# BFN 9dp5dt-too early?



## still smiling (Jan 15, 2009)

Hi all,

Despite my resolve to wait until OTD i've obviously buggered up.

I had 2 hatching blasts transferred 9 days ago and so thought today,with the embies being 13 days old,that i'd get a definitive result either way.The 2 tests i did are absolutely negative,no question.

My OTD is wednesday which would make me 13dpt which is a really long 2ww from what i gather.
To be honest i'm in shock,2 hatching blasts not working?!

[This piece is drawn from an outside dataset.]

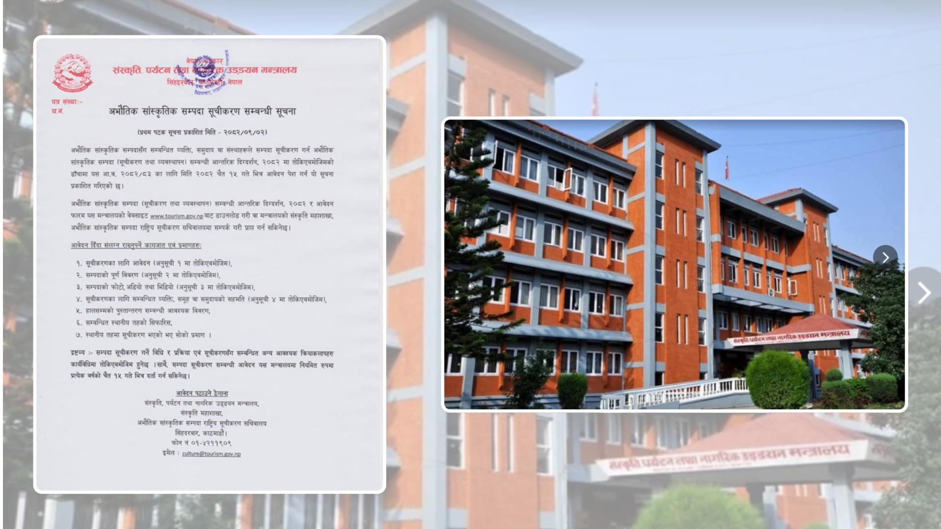 साथै मन्त्रालयको संस्कृति महाशाखाअन्तर्गत अभौतिक सांस्कृतिक सम्पदा राष्ट्रिय सूचीकरण सचिवालयमा सम्पर्क गरी पनि आवश्यक कागजात प्राप्त गर्न सकिने जनाइएको छ।
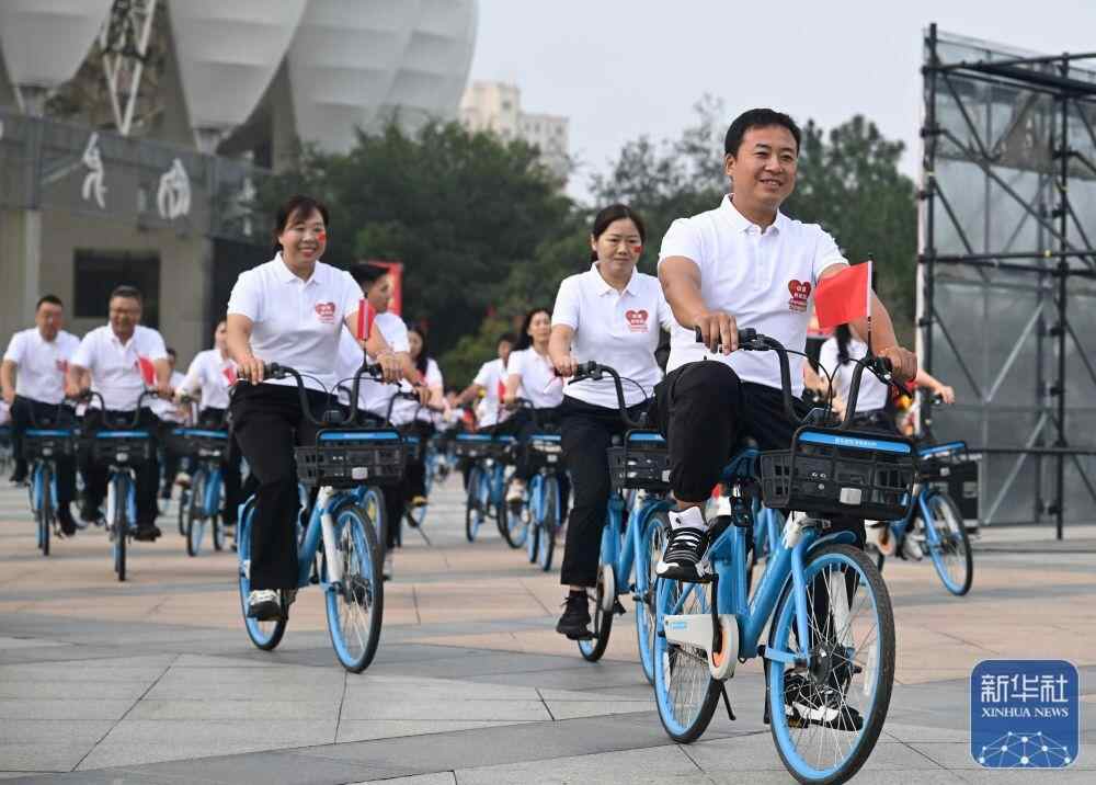 ↑ 10月1日,江苏省淮安市盱眙县举行“共贺祖国华诞”绿色骑行活动,参与者骑车出发。新华社记者 季春鹏 摄

So what i'm really asking is how late have people tested with blasts or in other words have any of you tested early(though i don't think 9 days with blasts can be considered that early)and got BFN's that have turned into BFP's?

I need to get upset and move on but i'm in denial,they were so blimmin perfect!

xxxxxxxxx


----------



## babymithel (Oct 13, 2008)

It may be too early, I would deffo wait till your OTD and test again.   

Good luck


----------



## Jodeyne (Apr 17, 2007)

Hi

I had 2 blasts put back in and tested when they where 13 days old and got a bfn. I then tested on my otd and i found out i had a bfp i am now 29 weeks pregnant.

   

Jodeyne


----------



## still smiling (Jan 15, 2009)

Babymithel,

Thanks so much and huge,huge congrats on your bfp.I'm so pleased for you and hope you'll have a healthy happy pregnancy xxxx

Jodeyne,

My embies were actually 14days when i tested,had miscalculated.
Haven't tested again since but i will on weds which will be OTD.Was your OTD as long as mine then?It would make the embies 18 days old .
I'll continue with the meds and double check on weds but i'm coming to terms with what i'm 99% sure is a BFN now.I'm sure at least something would show by now on one of the 3 different tests i've done!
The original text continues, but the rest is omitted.